**SUPPLIED INFORMATION**.
__________________________________________________

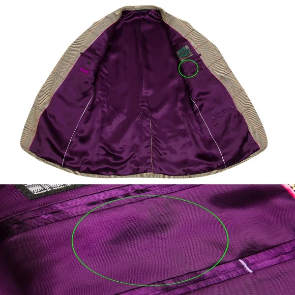 ジャケット:裏地ポケット口に生地のダメージがあります(画像参照)。パンツ:ブランドタグがありません。その他目立ったシミ、汚れ、ほつれ等なくいい状態です。クリーニング済み
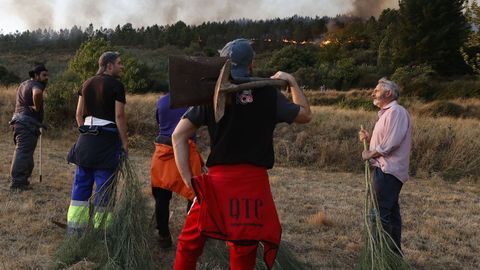 En un pueblo de la provincia de León, los vecinos se han coordinado para limpiar los alrededores de maleza e impedir así que el fuego pueda llegar a sus hogares. Los medios de comunicación cuentan,
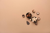 Smaczne orzechy makadamia na kolorowym tle
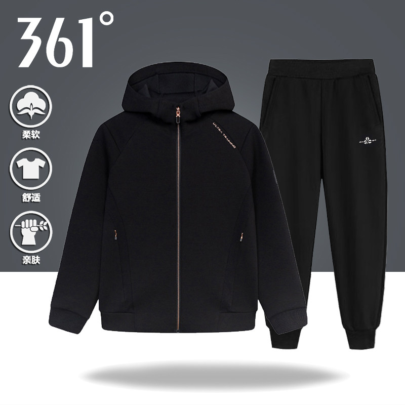 361度运动套装女款2026春季新款连帽开衫卫衣收口卫裤针织两件套

__________________________________________________

**TASK DIRECTIONS**. Line by line, write out the material exactly, leaving the images out.

**ANSWER FOR THE TASK**.
 ジャケット:裏地ポケット口に生地のダメージがあります(画像参照)。パンツ:ブランドタグがありません。その他目立ったシミ、汚れ、ほつれ等なくいい状態です。クリーニング済み
 En un pueblo de la provincia de León, los vecinos se han coordinado para limpiar los alrededores de maleza e impedir así que el fuego pueda llegar a sus hogares. Los medios de comunicación cuentan,
 Smaczne orzechy makadamia na kolorowym tle
 361度运动套装女款2026春季新款连帽开衫卫衣收口卫裤针织两件套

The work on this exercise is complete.